Many experimental studies have shown that administration of magnesium salts can prevent stone disease. Mice fed a pyridoxine-free diet are susceptible to stone formation, which can be prevented by supplementing magnesium. Another example is the administration of hexanediol to rats, which can cause calcium oxalate deposition in the kidneys only in the second half of a normal diet. However, in a magnesium-deficient diet, calcium deposition occurs within 24 hours. Some scholars have found that areas where the soil is deficient in magnesium have a higher incidence of stones, and the urinary magnesium/calcium ratio of stone patients is lower. The “stone belt” of the southeastern United States generally coincides with areas of magnesium-deficient soil. A large sample survey from Dallas, USA found that the detection rate of low magnesium calcium stones was 4.3%.
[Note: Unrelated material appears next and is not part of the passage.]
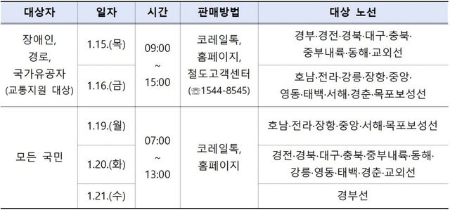 예매는 교통약자 사전 예매와 전 국민 일반 예매로 나뉜다. 교통약자 사전 예매는 1월 15일, 16일 이틀간 오전 9시부터 오후 3시까지 진행되며 대상은 65세 이상 고령자, 등록 장애인, 국가유공자 중 교통지원 대상자다.
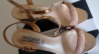 Sandalo da donna , perfetti per cerimonie ed eventi speciali. - Tacco largo e comodo. - Cinturino alla caviglia con fibbia. - Dettagli scintillanti sul cinturino anteriore. - Finitura metallica lucida.

By far the most common cause of marked hypomagnesia is inflammatory bowel disease associated with malabsorption. Most patients with hypomagnesuria also have hypocitraturia. In these individuals, loss of the inhibitory or binding ability of magnesium or/and citrate is associated with calcium oxalate crystal production. Several clinical trials have examined the effectiveness of magnesium in preventing recurrence of stones. In addition, a comparative study of magnesium metabolism in urinary stone patients and normal controls found no magnesium deficiency or negative magnesium balance in the diet of stone patients. Although some studies have found low urinary magnesium excretion in kidney stones, stones can form even with normal urinary magnesium levels. The reduced urinary magnesium/calcium ratio in patients with stones is related to increased urinary calcium excretion, rather than being the result of reduced urinary magnesium excretion. A special disease. Because the protein encoded by Claudin-16 (CLDN16) is a tight-binding protein, its mutation can cause familial hypomagnesemia accompanied by hypercalciuria and nephrocalcinosis, which can ultimately lead to renal failure. exhaustion. The main reason for this change is that TAL deficiency in the loop of Henle leads to disorders of renal tubular calcium and magnesium reabsorption. The CLDN16 heterozygous form may have milder symptoms and delay the process of kidney damage. However, the specific role of this gene polymorphism in idiopathic hypercalciuria has not yet been studied in depth.